China continues to up its blockchain game through an independently developed blockchain-based identification system for cities. This initiative will be undertaken as part of its smart city infrastructure. As reported by Global Times, the Chinese daily tabloid newspaper, the newly developed blockchain identification system was launched jointly by three institutes in the city of Shijiazhuang.
Zhang Chao commented that the system was developed by China and stated:
“The system will be independently distributed and managed by China, with a unified distribution rule, a resolution of distributed storage and tamper-resistant code.”
The identification system will assign a global, unique digital id to smart cities. This is primarily done with the aim of improving data sharing and connectivity between these cities. Starting from last week, smart cities across China have been able to apply for their own city identification code. As new and more complicated challenges continue to arise from China’s increasingly urbanized population, China has focused on smart city development for many years.
Rise of Smart Cities Across the Globe
Smart cities integrate and employ a variety of technologies for making municipal operations more efficient. This will include renewable energy, self-driving cars, communication systems, and energy-efficient buildings. In July, the United Arab Emirates revealed its ‘Smart Dubai initiative that aims to make the metropolis a world leader by becoming the “first city fully powered by blockchain by 2021,” and enhance all aspects of education, health care, traffic management, and environmental sustainability.
Smart cities are a very promising concept as they involve deploying a network of interactive sensors for achieving innovation and efficiency. A report by International Data Corporation (IDC) reveals that spending on smart city technology will grow to $135 billion by 2021. The vision of a smart city includes energy-efficient systems, driverless cars, and renewable energy to help in the power consumption of cities.
Google is now creating a Smart City in Toronto and considering the massive resources of this technology giant, the first widespread implementation of the promises of smart cities may be at hand. Still, there are some concerns over certain aspects of implementing the smart cities program.
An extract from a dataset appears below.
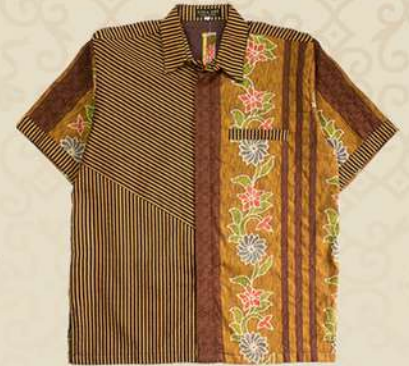
Kemeja Pendek Dobby & Lurik IDR 350.000,-

In Toronto, Google aims to address major urban issues such as inefficient services, congestion, and unaffordable housing. But there are already many concerns that have been raised regarding this project. There are many reports that have surfaced concerning privacy for the residents of the new city as each and every move of their in daily lives will be recorded. This smart city project pledges to use the ‘feedback of residents’ for planning and adapting services. This project has upset many people, such as property developers, politicians, urbanists, local technologists, privacy experts, business leaders, etc.
After the UAE revealed its Smart Dubai’ initiative, the Singaporean startup, Limestone Network also announced a new blockchain-based smart city project for Phnom Penh, the Cambodian capital. This project is slated for completion by early 2022, and it will have on-board various partners such as retail brand owners, financial institutions, ride-hailing apps, and data analytics firms. The startup plans to roll out similar smart city projects in the across South-East Asia with the cooperation of the local governments.
In September this year, the IOTA Foundation published a 19-page study titled, “Towards Open &Transparent Cities.” It is currently collaborating with Taiwan’s capital Taipei and the European Commission-sponsored CityxChange project to start the idea of smart cities further.
Role of Blockchain and Crypto Technologies in a Smart City
A smart city environment will need a system that allows devices attempting to monetize certain activities for verifying a large of transactions and quickly confirming their authenticity. This is where distributed ledger technology and blockchain can play a major role. LO3 Energy is a blockchain-powered smart meter that helps monitor utilities usage and distribution. It is seeking to provide a way for conservative water usage, renewable energy, and pollution mitigation. Omnitude and the Island of Malta have also partnered to develop blockchain infrastructure for public transit management. Blockchain will serve as a payment center for public transport such as train, bus, and subway tickets.